|
|
|
|
|
by tytso
1412 days ago
|
|
Oh, you can certainly do big projects. My project[1] spanned 3 departments, and involved dozens of engineers, and required that we work with multiple hard drive vendors (our first two partners for Hybrid SMR were Seagate and WDC) on an entirely new type of HDD, as well as the T10/T13 standards committees so we could standardize the commands that we need to send to these HDD's. So this was all a huge amount of "new shit" that was not only new to Google, it was new to the HDD industry. You just have to have a really strong business case that shows how you can save Google a large amount of money. [1] https://blog.google/products/google-cloud/dynamic-hybrid-smr... [2] https://www.t10.org/pipermail/t10/2018-September/018566.html On the production kernel team, colleagues of mine worked on some really cool and new shit: ghOSt, which delegates scheduling decisions to userspace in a highly efficient manner[3]. It was published in SOSP 2021/SIGOPS [4][5], so peer reviewers thought it was a pretty big deal. I wasn't involved in it, but I'm in awe this cool new work that my peers in the prodkernel team created, all of which was not only described in detail in peer-reviewed papers, but also published as Open Source. [3] https://research.google/pubs/pub50833/ [4] https://www.youtube.com/watch?v=j4ABe4dsbIY [5] https://dl.acm.org/doi/10.1145/3477132.3483542 We have some really top-notch engineers in our production kernel team, and I'm very proud to be part of an organization has this kind of talent. |
|
For example:
RePD is at just wrong level at all. It should have been at CFS/chunk level and thus benefit other teams as well.

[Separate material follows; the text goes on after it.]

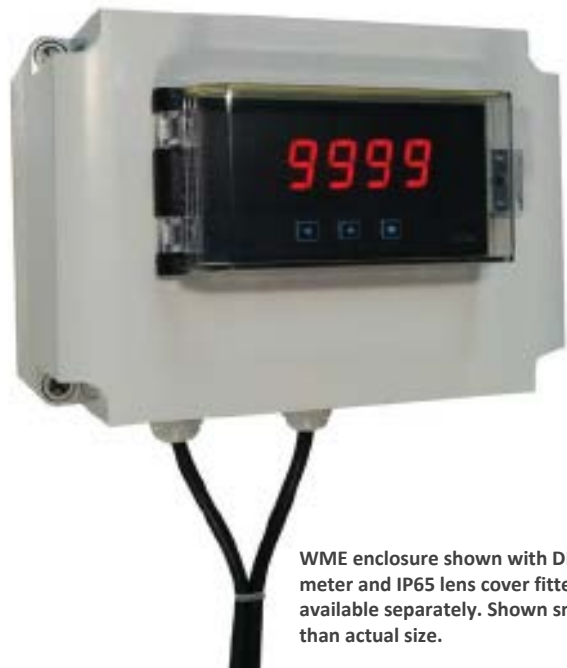
WME enclosure shown with DP20 meter and IP65 lens cover fitted, both available separately. Shown smaller than actual size.

Wall mount housing for 1/8 DIN panel meters (96 x 48 mm)

BigStore stack is beyond bizarre. For years there were no object-level SLOs (not sure if there are now), which meant that sometimes your object disappeared and BigStore SREs were "la-la-la, we are fully within SLO for your project". Or you would delete something and your quota would not get back, and they would "or, Flume job got stuck in this cell, for a week...".
Not a single cloud (or internal, for that matter) customer asked for a "block device", they all want just to store files. Which means that cloud posix/nfs/smb should have been worked on from the day 1 (of cloud), we all know how it went.